Türk Başbakanın ‘özür’ tavrı devleti korumak, Kürtler üzerinde katliamı devam ettirerek haramzade, aslını inkar eden, Kürt-Alevi devşirmelerini yanına alıp anti-Kürt cephesini yeniden onarmaktır. Erdoğan’ın cesareti var ise gidip Dersim’de anıtı dikilen, hala mezar yeri bilinmeyen Seyid Rıza’nın önünde diz çöküp, devlet adına özür diler. Kimyasal silahlarla katledilen Kürt gerillaların görüntüleri devlete sahip olan yeni sahiplerin hala Kürtlerin ve farklı inançların üzerinde yürütülen katliam-soykırımların sürgit devam ettiğinin ispatıdır.
Dersimliler ve Aleviler uyanık olmalı. Devlet yetkilileri, bugün de devam ettirilen soykırımlardan kurtulmak istiyorlarsa, aşağıdaki taleplerimiz kabul edilmelidir:
1- Dersim’in ve diğer yerleşim yerlerinin orijinal isimlerinin iade edilmesi,
2- Pirimiz Seyid Rıza’nın ve arkadaşlarının mezar yerlerinin açıklanması,
3- Dersim’de katledilenlerin anısına soykırım anıtının dikilmesi,
4- Ailelerinden alınan Dersimli çocukların kimlere verildiği, hali hazır da yaşayanların yerlerini açıklanması,
5- Dersim’den gasp edilen, Dersim’e ait tarihi zenginliklerin sahiplerine iade edilmesi,
6- Devlet hazinesine geçirilen Dersim sürgünlerinin arazilerin, malların, taşınmazların, evlerinin iade edilmesi,
7- Alevi inancına sahip olan Dersimlilerin kutsal mekanlarına dokunulmaması,
8- Dersim’de doğa katliamına son verilmesi,
9- Soykırım kabulü ciddiyet ve sorumluluk içinde, basının ve uluslararası gözlemcilerin önünde Türk devleti yöneticileri tarafından açıklanması,
10- Dersim’in kimlik-inancına saygı duyulması.

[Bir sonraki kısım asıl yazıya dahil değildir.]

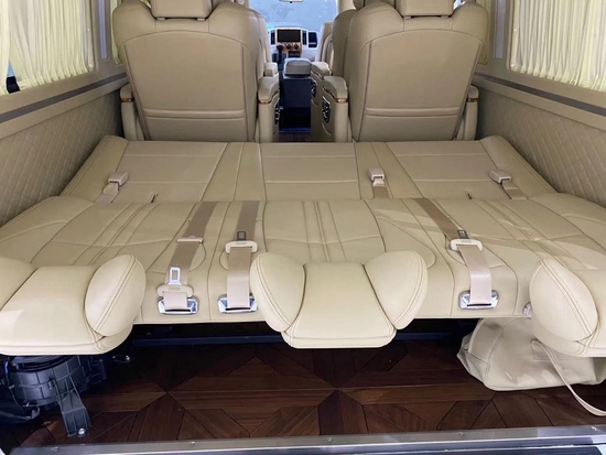 2021款丰田(进口)海狮-HIACE9座商务车采用2+2+2+3四排九座的设计,第二排和第三排均配备了两个Ottoman航空座椅,比埃尔法要两张,第四排排放一张三人座的沙发床,即宽敞又实用,在空间运用上非常可以。

Yukarıdaki koşullar yerine getirildiğinde samimiyetinize inanırız, aksi durumda hiçbir inandırıcılığınız ve meşrutiyetiniz nazarımızda kabul görmeyecektir. Yaptığınız yarım ağız ‘özürler’ Dersim’in acılarıyla alay etmektir.
Dersim’in onurlu direnişi ve adı üzerinden birileri kendilerine pay çıkarmak istiyor. Yıllardır bu payı yiyen haramzadeler var. Pir Sultan’ın yemediği haram lokmayı, utanmadan midesine indiren Tunceliler var. Birileri de Seyid Rıza olmak istiyor ama darağacını göze almıyor. Ama, Seyid Rıza’nın onurlu torunları hem o ipi göğüslemiştir hem de dedelerinin onurlu mirasının takipçisidir. Pir Sultan der ya: “Şu Ellerin Taşı Bana Hiç Değmez, İlle de Dostun Bir Tek Gülü Yaralar Beni Beni.”